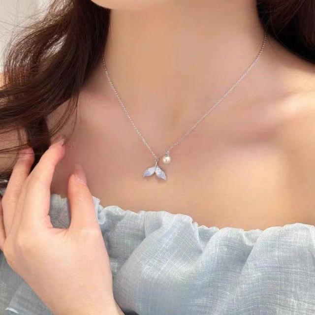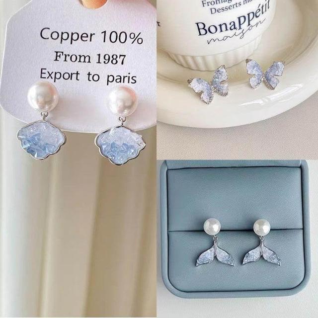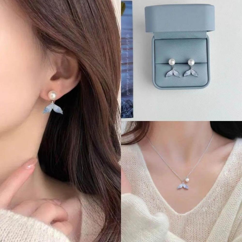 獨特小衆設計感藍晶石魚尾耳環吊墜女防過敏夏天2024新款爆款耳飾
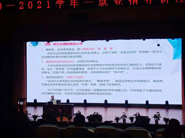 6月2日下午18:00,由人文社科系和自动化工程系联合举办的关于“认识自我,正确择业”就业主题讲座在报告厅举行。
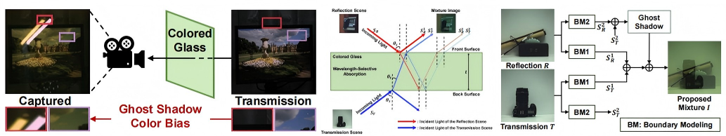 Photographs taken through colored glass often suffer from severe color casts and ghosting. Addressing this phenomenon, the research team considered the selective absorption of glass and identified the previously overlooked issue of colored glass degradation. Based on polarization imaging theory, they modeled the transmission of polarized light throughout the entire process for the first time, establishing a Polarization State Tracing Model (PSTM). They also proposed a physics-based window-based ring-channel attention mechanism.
...
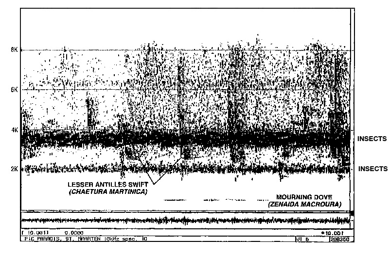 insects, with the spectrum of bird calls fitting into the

> _ACTIVITY_: Skip every picture, and restate word for word only the lines above from the line containing "獨特小衆設計感藍晶石魚尾耳環吊墜女防過敏夏天2024新款爆款耳飾" to the line containing "6月2日下午18:00,由人", both of them included.

> _RESPONSE TO THE TASK_:
 獨特小衆設計感藍晶石魚尾耳環吊墜女防過敏夏天2024新款爆款耳飾
 6月2日下午18:00,由人文社科系和自动化工程系联合举办的关于“认识自我,正确择业”就业主题讲座在报告厅举行。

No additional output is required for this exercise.